EIXO HIPOTÁLAMO-HIPÓFISE-ADRENAL
● Imagem: Hipotálamo é o pai de todos. Hipófise é a mãe de
todos. Ambos produzem hormônios. A grande maioria dos
hormônios é liberada pelo hipotálamo.
● Hipófise anterior e posterior. Dois hormônios liberados por ela
sem autorização prévia do hipotálamo: ocitocina e ADH
(vasopressina).
● Produzidos pelo hipotálamo: Adrenocorticotrófico, GH,
tireotrófico (TSH), prolactina, LH e FSH.

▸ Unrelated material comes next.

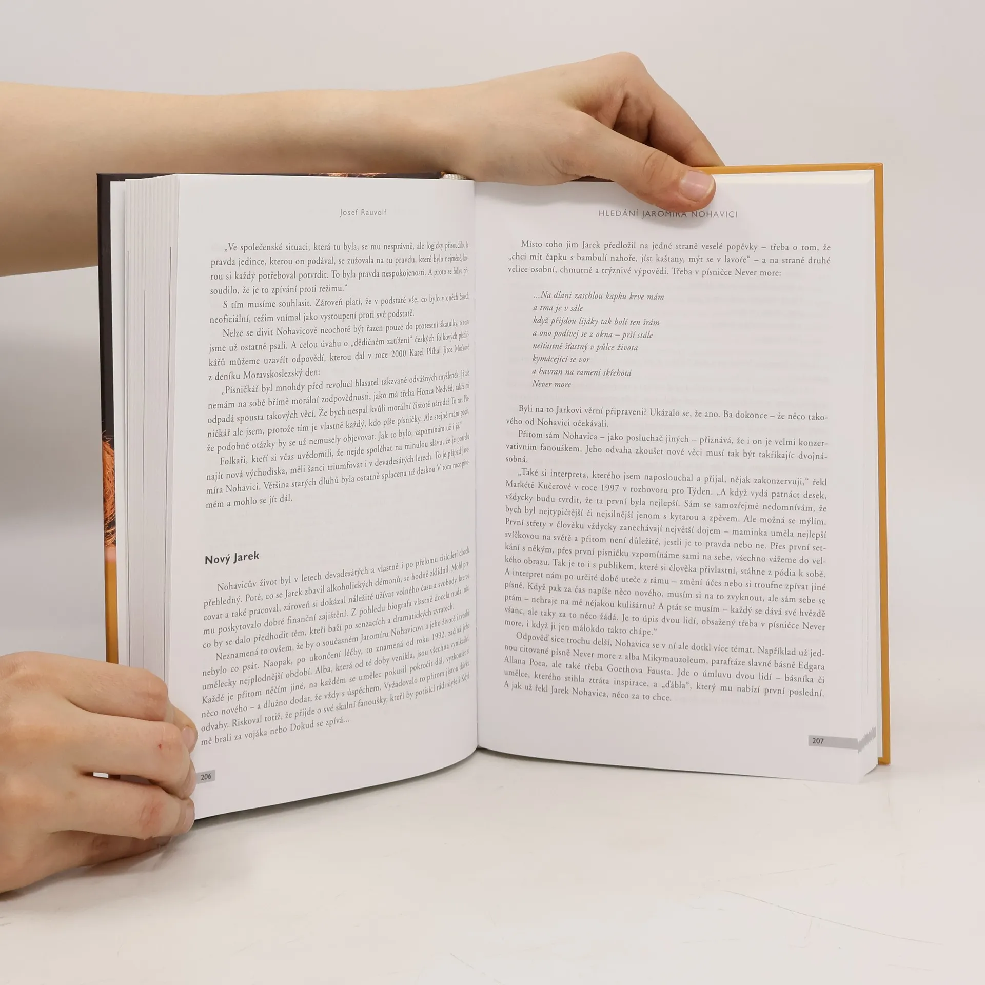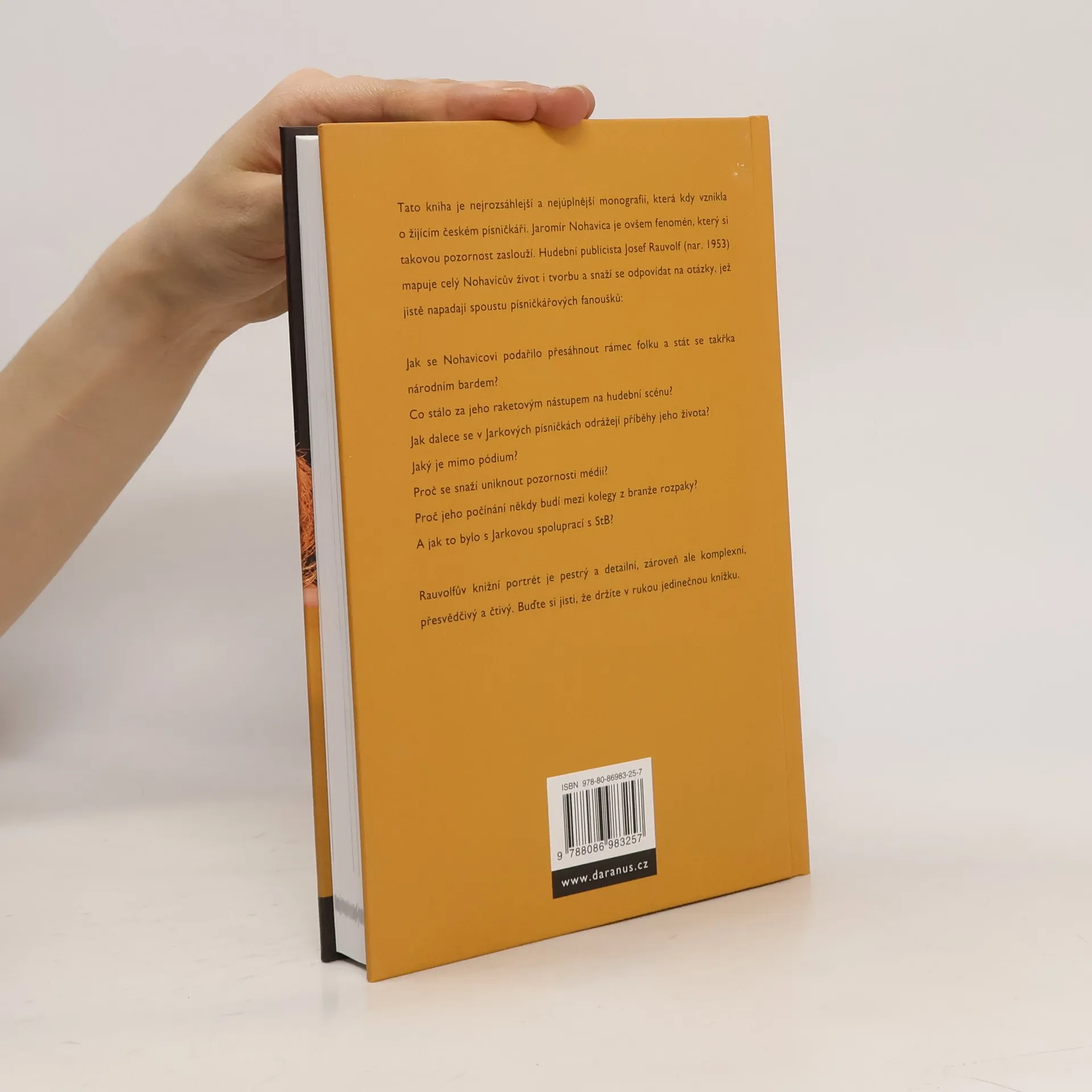 Přestože je Jaromír Nohavica naší nejvýraznější písničkářskou osobností, která v mnohém přesahuje rámec folkové hudby, dosud o něm nevyšla žádná monografie. Rozsáhlá publikace z pera hudebního publicisty Josefa Rauvolfa je tedy svým způsobem unikátní. Autor se na základě mnoha pramenů, ale také přímých svědectví pokouší rozklíčovat fenomén Nohavica. Dává jeho tvorbu do kontextu s písničkářovým životaběhem i s dobovými událostmi. Rauvolfův knižní portrét je pestrý a detailní, zároveň ale komplexní, přesvědčivý a veskrze objektivní. A to i díky tomu, že svými svědectvími přispěly takové osobnosti folkové scény, jako např. Pavel Žalman Lohonka, Wabi Daněk či Pavlína Jíšová.

● SNA motor: age visceral no controle metabólico. Libera o
hormônio para as suprarrenais, estimulando a produção de
hormônios presentes na suprarrenal. Há o córtex da supra e a
medula da supra. Há mineralocorticoides e glicocorticoides
produzidos na adrenal. Há o cortisol, aldosterona, adrenalina e no canto da medula, há produção de hormônios sexuais
como progesterona e testosterona.
● Em uma situação de atrofia ou disfunção adrenal, os hormônios sexuais não têm impacto no metabolismo. Mas
cortisol, aldosterona e adrenalina sofrem grande impacto.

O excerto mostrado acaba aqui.